▶ _WHAT IS NEEDED_: From the first line of the listing below to the line containing "Eine silberne Dame", write out everything exactly. No pictures.

▶ _EXTRACTED RECORDS_:
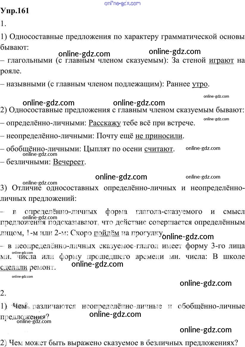Готовые домашние задания по Русскому языку за 8 класс Учебник Разумовская, Львова Вертикаль 2013 - Упражнения 161
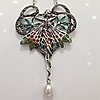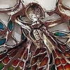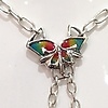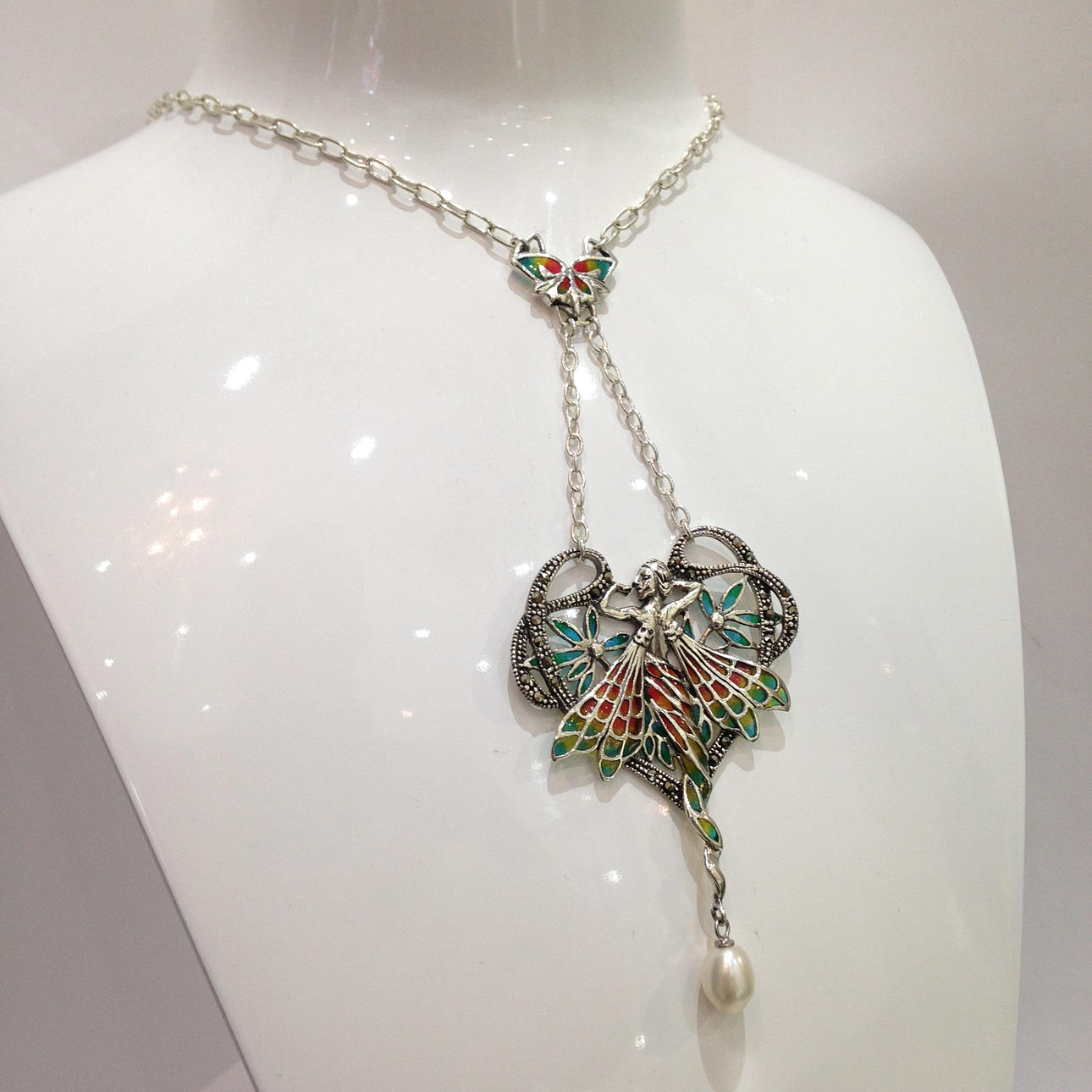 Eine silberne Dame im Jugendstil mit Emaille, Perle und Markasit. Diese Halskette ist aus Silber (gestempelt "925"). Diese Halskette ist mit einer einzelnen Perle und Markasitsteinen besetzt. Die Flügel und der kleine Schmetterling sind mit roter, grüner und gelber Emaille besetzt.
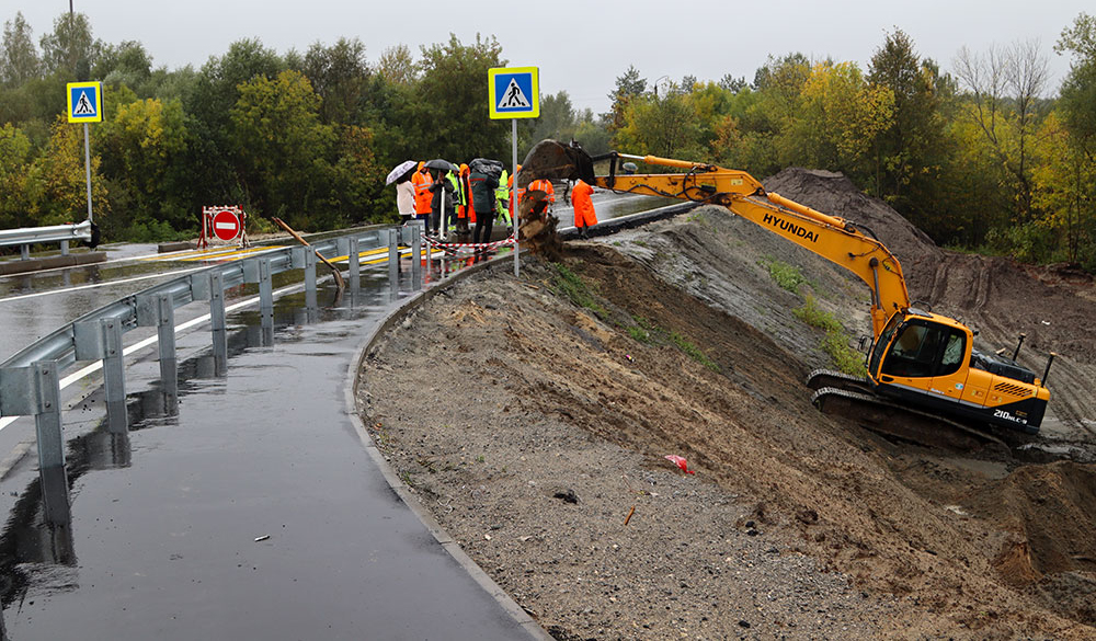 Ранее мы сообщали, что в Брянске из-за дождя размыло новую дорогу-дамбу и образовался провал. Сегодня, 20 сентября, стало известно, что подрядчик начал восстановительные работы пострадавшего съезда. Об этом сообщили в горадминистрации.
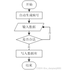 用户成功登入系统后就能够实现增加数据的操作,增加数据的编号是特定的,系统生成,用户不能随意填写,除了编号以外,其他增加信息用户自己填写,填写后的信息经过系统验证,验证合法通过就显示增加数据成功了,相反的话,就没有增加成功,图3-4显示的就是在增加数据时的流程。
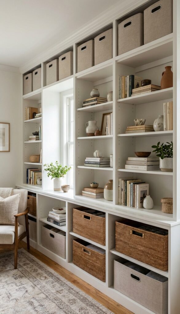 When floor space is limited, your walls are your new best friends. Floor-to-ceiling shelving isn’t just for libraries; it’s a small-space lifesaver.
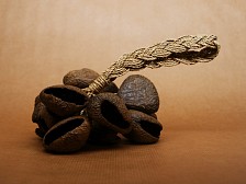 This Indonesian shaker is made from Pangium seed husks tied onto a thick natural fibre loop that fits around the wrist or ankle. It creates a deep, textured sound when moved, clapped or brushed, and is often used in traditional dance and movement practices. The seeds are a by-product of Indonesian cuisine and carry cultural value both in cooking and ceremony. Each shaker is unique, with subtle variations in sound and shape. More information can be found below. Dimensions: 22 x 11 cm. Cord length: 12 cm. |

▶ _WRITTEN SOLUTION_:
Готовые домашние задания по Русскому языку за 8 класс Учебник Разумовская, Львова Вертикаль 2013 - Упражнения 161
 Eine silberne Dame im Jugendstil mit Emaille, Perle und Markasit. Diese Halskette ist aus Silber (gestempelt "925"). Diese Halskette ist mit einer einzelnen Perle und Markasitsteinen besetzt. Die Flügel und der kleine Schmetterling sind mit roter, grüner und gelber Emaille besetzt.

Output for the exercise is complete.